Only if your "book" says so specifically...

Of course, that's only my opinion...I could be wrong in the end...but it makes sense to me.


----------



## SirSedrith (Mar 24, 2011)

OK! Ill report back when its light out and the battery is charged again. i just found a mechanic a block away, stead of 4, so i can carry the battery. yea!

i found the angle in the book, i forget but ill read it again. 

the dwell adjustment makes sense to me now with that last explaination. 

I got one new condensor and will look for another two (there are three, two for the distrib, one for the coil) with the same specs as stamped on the old ones.

i see, both points work at the same time to do the same job with an overlap in opening and closing, like pistons that work in sequence, but closer in time. (well now that i think about it not quite the same but, eh.) 

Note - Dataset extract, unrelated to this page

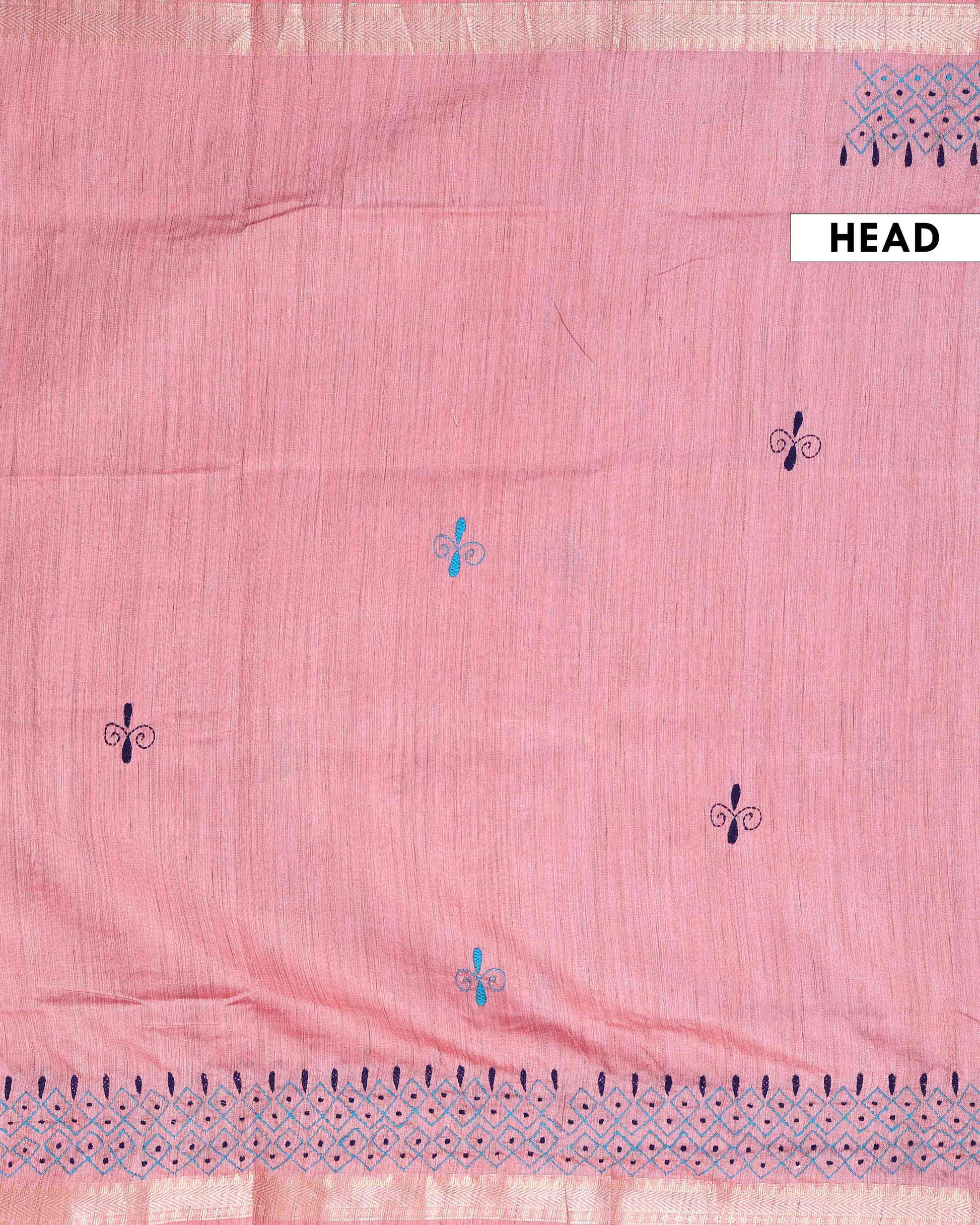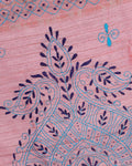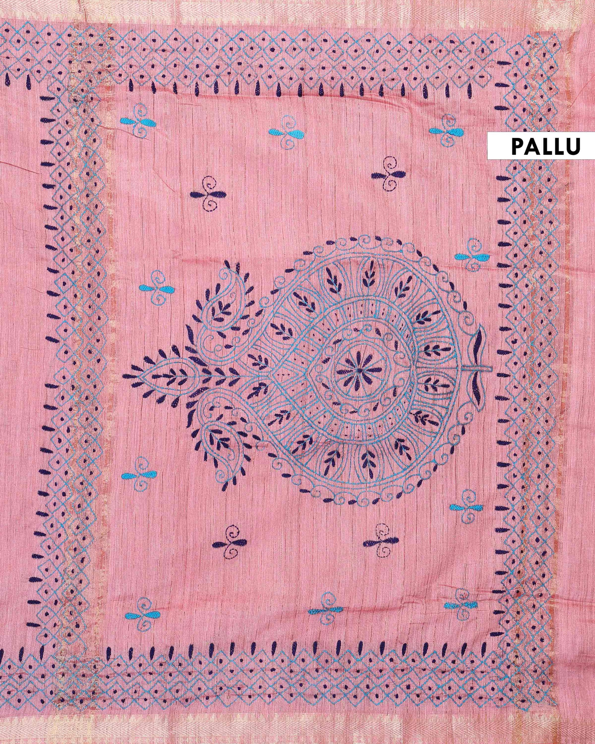 - This beautiful dusty Pink Kantha saree features intricate traditional embroidery along the border and pallu

Something else i just saw in the book and is not explained is where the two spade connectors come from the dis, that connect to the - side of the coil have a jumper wire strung between them, and on mine there is no wire. both wires coming from the spade connector (from the points) right now connect to the - pole anyway, im not sure if it makes a difference but ill try it out. couldnt hurt. 

if i understand making a gap with the wire is like adjusting the dwell on the points. extending time. kinda. 

We shall see. 

no matter what result, thanks so much. i was totally at a loss for what to do, atleast doing SOMETHING is better than being frustrated. and eventually the problem will resolve when every freakin part is replaced or repaired or adjusted correctly. 

peace


----------



## jdg (Aug 27, 2009)

Yep, close enough. And if I can add one thing...
Dual point setups are all fine and good and all. A good set of well tuned points can run just as good as anything else in the world...but...
An electronic ignition solves and/or avoids Soooo many issues that points have. If somebody makes an aftermarket electronic distributor/ignition type setup for your rig, that's the way to go.
In my case, a '74 Chevy Malibu with a 350, it had stock points. I got tired of replacing/adjusting them every 5,000 miles, went to the junkyard, got an HEI distributor out of a '76-Chevy-something, and the only change I had to make, other than new plug wires, was to bypass the ballast resistor (which you may or may not have, and come to think of it, if your ballast resistor is bad, you'll have all sorts of headaches).
No points to wear out, dwell is "automatically" set by the 'electronics', more voltage can be passed to the coil, more accurate timing, zero chance of points bouncing at high revs, and so on...


----------